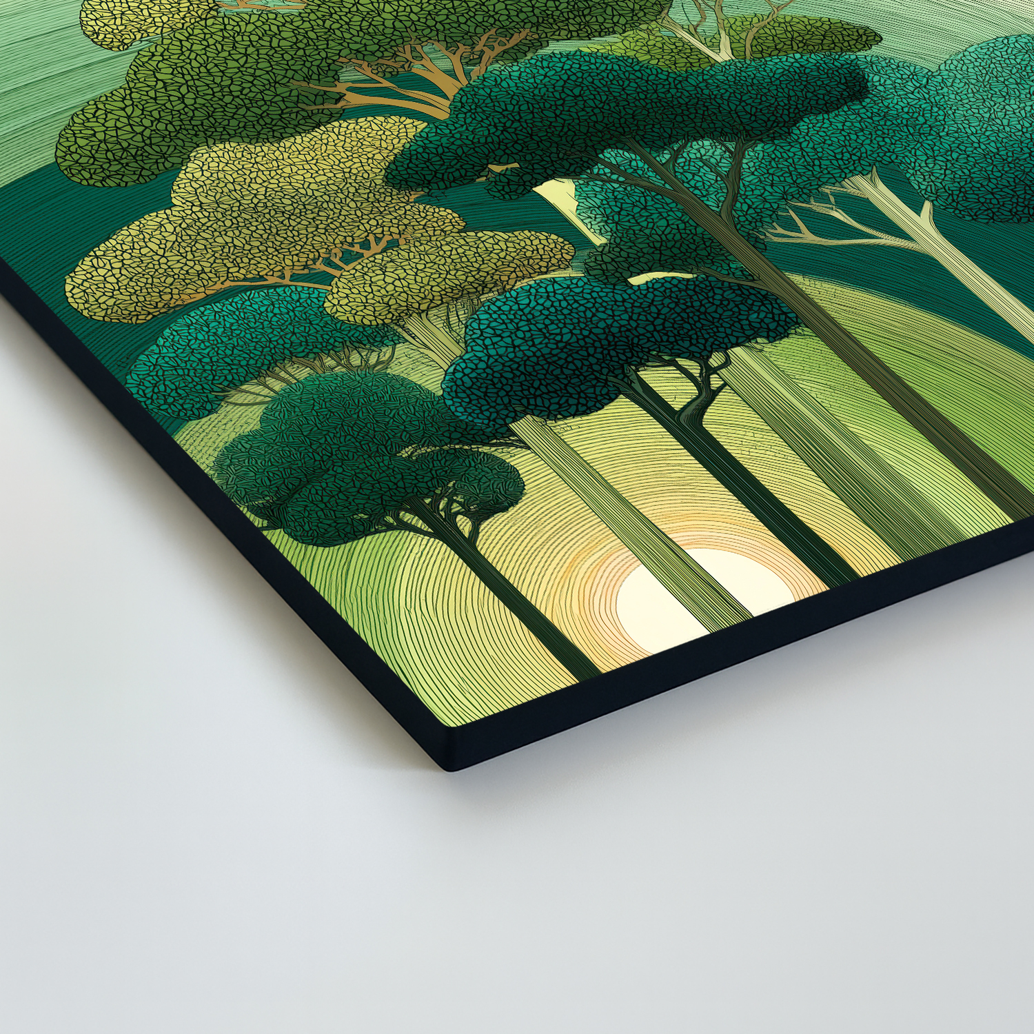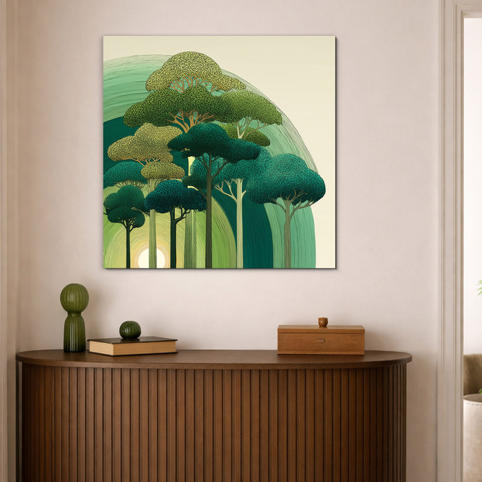 Vneste do svojho domova pokoj hlbokého lesa v modernom, minimalistickom štýle. Umelecký obraz Dotyk lesa nie je len obyčajnou dekoráciou, ale dokonalým doplnkom do každého interiéru. Kombinácia sýtych smaragdových a machových odtieňov s precíznymi kruhovými líniami vytvára harmonický celok, ktorý dýcha čistotou.
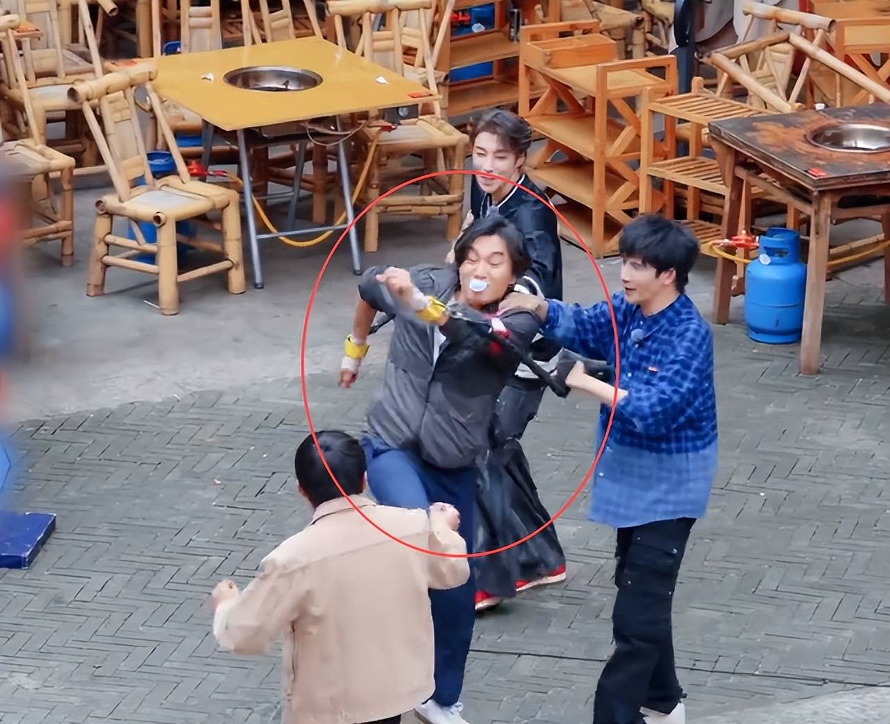 这次成都录制的“你比划我猜”环节,节目组给『秦昊』设计了双重束缚:双手被捆绑,嘴里叼着奶嘴。当题目抽到“拍屁股走人”时,『秦昊』焦急得满场跳跃,不停地拍打自己的屁股,然而徐志胜却一脸认真地猜测“走屁”,气得『秦昊』五官扭曲,差点爆发。
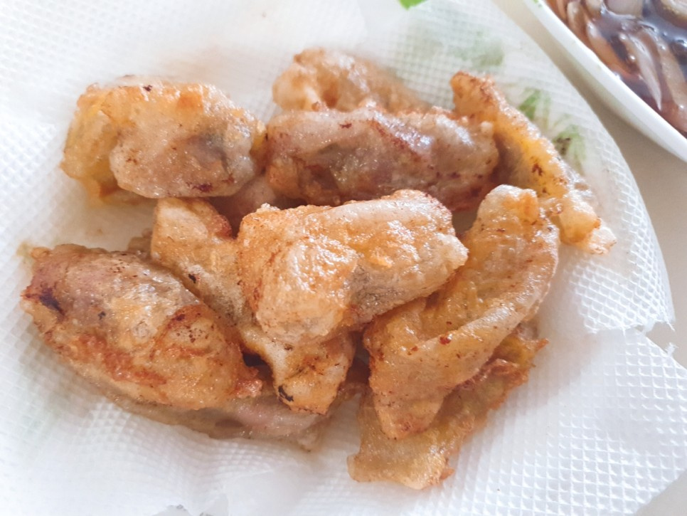 Una vez frito a la perfección, retire el tangsuyuk y escúrralo sobre papel de cocina. El papel de arroz crea un rebozado maravillosamente fino, crujiente y masticable que es realmente único. ¡También es tentador picar algunos mientras salen de la freidora!
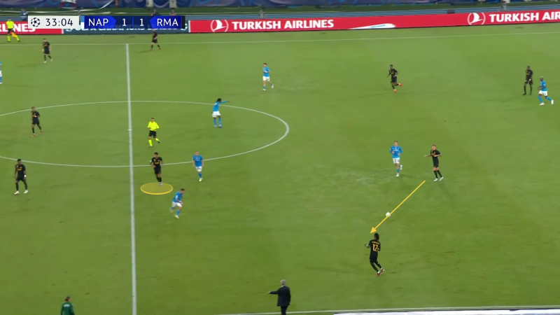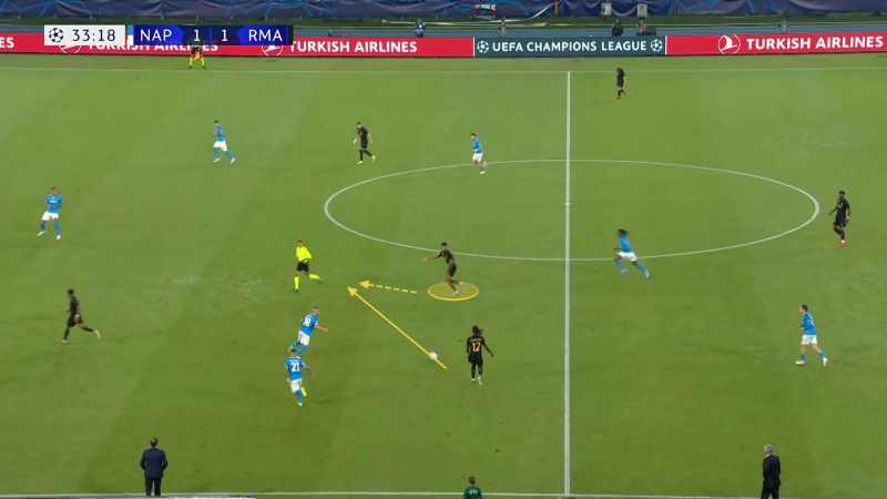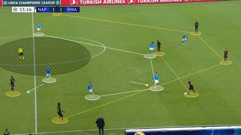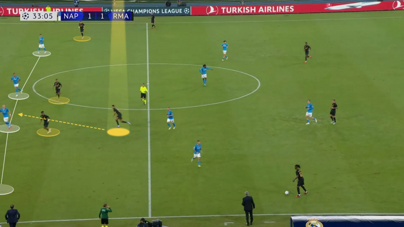 En image, voilà le moment où Bellingham détecte l’espace à attaquer plus haut pour faire stresser et reculer la défense du Napoli…
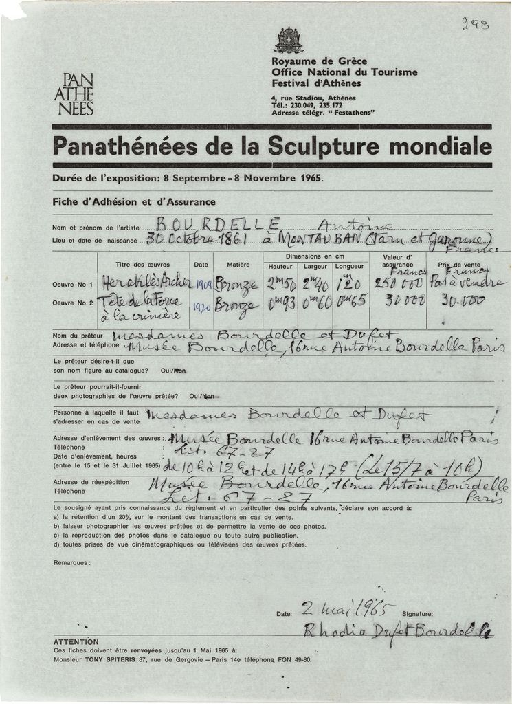 Αντίγραφο δελτίου συμμετοχής και ασφάλισης έργων τα οποία παρουσιάζονται στα ‘Παναθήναια της Παγκόσμιας Γλυπτικής’ στην Αθήνα, χαρτί, 29×21 εκ., στα γαλλικά.
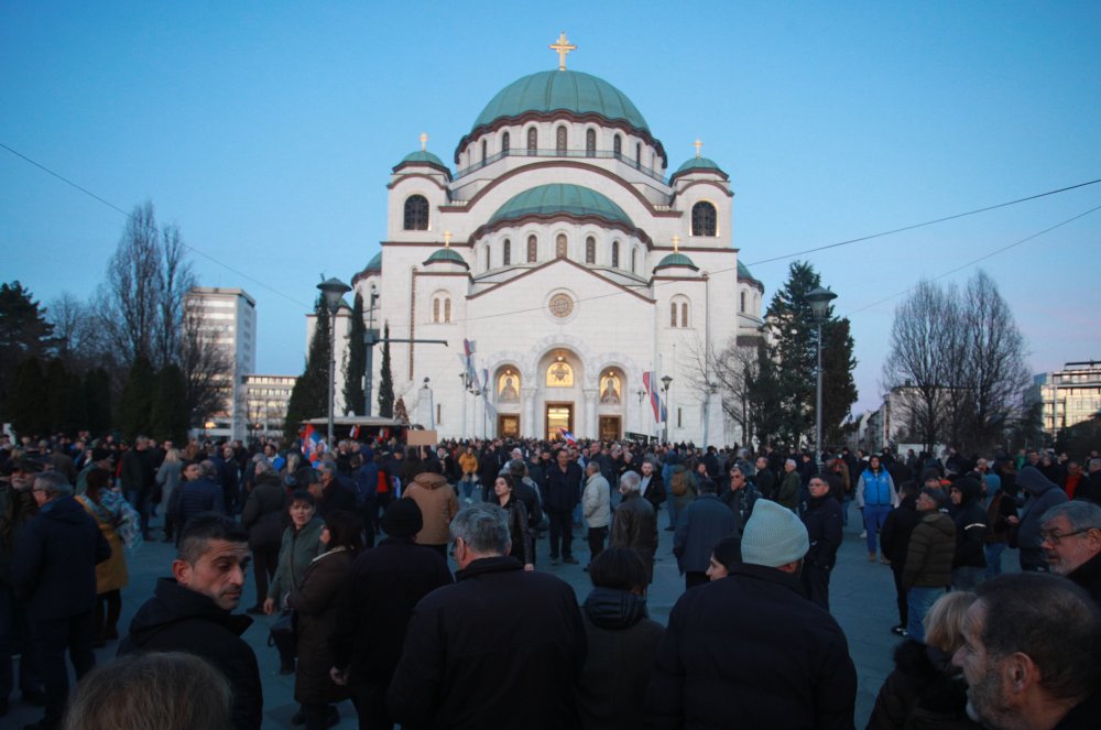 Sırbistan bayraklarının açıldığı gösteride, "Sırbistan'ı unutma, koru ve verme" sloganları atılırken, Vucic'e istifa etmesi ve erken seçim ilan etmesi çağrısı yapıldı.
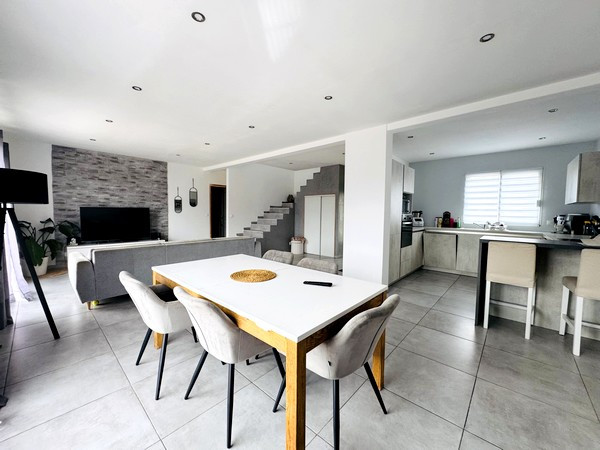 Découvrez cette maison de 125 m², construite en 2021, sur un terrain de 1233m² entièrement clos avec portails motorisés et interphone vidéo. Offrant un espace de vie moderne et fonctionnel, elle est idéale pour une famille à la recherche de confort et de tranquillité.
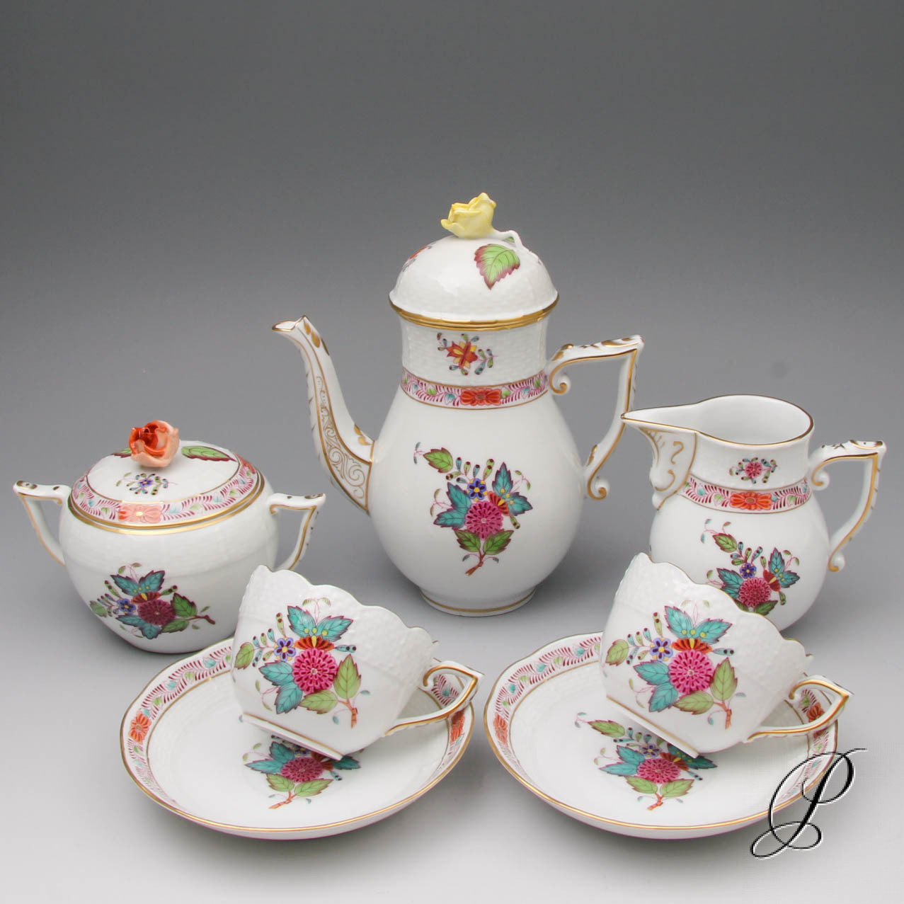 Das Dekor Apponyi gibt es in verschiedenen Farbvarianten. Der Name verbindet sich mit dem Grafen Albert Apponyi, der dieses Motiv in der Herend Manufaktur bestellte. Das Dekor wurde in Anlehnung an das fernöstliche Motiv „Indischer Blumenkorb“ entworfen. Eine stilisierte Pfingstrose in Konturmalerei welche von 6 Streumotiven und einer Girlande aus stilisierten Blättern umgeben ist.

....

* Brief: Reproduce the data above line for line, from its first line through the line containing "Découvrez cette maison", both ends included, with the pictures omitted and nothing more.

* Response to this exercise:
 Vneste do svojho domova pokoj hlbokého lesa v modernom, minimalistickom štýle. Umelecký obraz Dotyk lesa nie je len obyčajnou dekoráciou, ale dokonalým doplnkom do každého interiéru. Kombinácia sýtych smaragdových a machových odtieňov s precíznymi kruhovými líniami vytvára harmonický celok, ktorý dýcha čistotou.
 这次成都录制的“你比划我猜”环节,节目组给『秦昊』设计了双重束缚:双手被捆绑,嘴里叼着奶嘴。当题目抽到“拍屁股走人”时,『秦昊』焦急得满场跳跃,不停地拍打自己的屁股,然而徐志胜却一脸认真地猜测“走屁”,气得『秦昊』五官扭曲,差点爆发。
 Una vez frito a la perfección, retire el tangsuyuk y escúrralo sobre papel de cocina. El papel de arroz crea un rebozado maravillosamente fino, crujiente y masticable que es realmente único. ¡También es tentador picar algunos mientras salen de la freidora!
 En image, voilà le moment où Bellingham détecte l’espace à attaquer plus haut pour faire stresser et reculer la défense du Napoli…
 Αντίγραφο δελτίου συμμετοχής και ασφάλισης έργων τα οποία παρουσιάζονται στα ‘Παναθήναια της Παγκόσμιας Γλυπτικής’ στην Αθήνα, χαρτί, 29×21 εκ., στα γαλλικά.
 Sırbistan bayraklarının açıldığı gösteride, "Sırbistan'ı unutma, koru ve verme" sloganları atılırken, Vucic'e istifa etmesi ve erken seçim ilan etmesi çağrısı yapıldı.
 Découvrez cette maison de 125 m², construite en 2021, sur un terrain de 1233m² entièrement clos avec portails motorisés et interphone vidéo. Offrant un espace de vie moderne et fonctionnel, elle est idéale pour une famille à la recherche de confort et de tranquillité.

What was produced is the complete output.